(Data provided):
────────────────
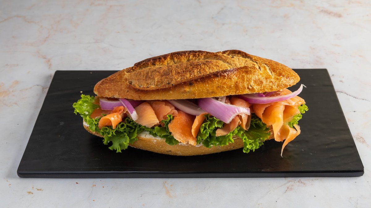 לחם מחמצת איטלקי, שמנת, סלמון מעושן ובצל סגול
────────────────
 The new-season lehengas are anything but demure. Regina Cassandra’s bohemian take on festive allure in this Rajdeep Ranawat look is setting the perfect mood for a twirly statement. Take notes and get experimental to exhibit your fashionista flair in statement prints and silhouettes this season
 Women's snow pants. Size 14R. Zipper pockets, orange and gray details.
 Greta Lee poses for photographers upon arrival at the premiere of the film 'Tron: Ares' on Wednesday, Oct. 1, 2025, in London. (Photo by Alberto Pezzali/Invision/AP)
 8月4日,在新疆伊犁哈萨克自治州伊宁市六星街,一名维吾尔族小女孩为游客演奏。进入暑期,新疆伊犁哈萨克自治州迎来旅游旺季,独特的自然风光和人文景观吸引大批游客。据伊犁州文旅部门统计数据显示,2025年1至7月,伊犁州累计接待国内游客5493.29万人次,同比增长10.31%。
────────────────
From the line holding "Women's snow pants." to the line holding "8月4日,在新疆伊犁哈萨克自", inclusive, restate each line above exactly as written.

(Result):
 Women's snow pants. Size 14R. Zipper pockets, orange and gray details.
 Greta Lee poses for photographers upon arrival at the premiere of the film 'Tron: Ares' on Wednesday, Oct. 1, 2025, in London. (Photo by Alberto Pezzali/Invision/AP)
 8月4日,在新疆伊犁哈萨克自治州伊宁市六星街,一名维吾尔族小女孩为游客演奏。进入暑期,新疆伊犁哈萨克自治州迎来旅游旺季,独特的自然风光和人文景观吸引大批游客。据伊犁州文旅部门统计数据显示,2025年1至7月,伊犁州累计接待国内游客5493.29万人次,同比增长10.31%。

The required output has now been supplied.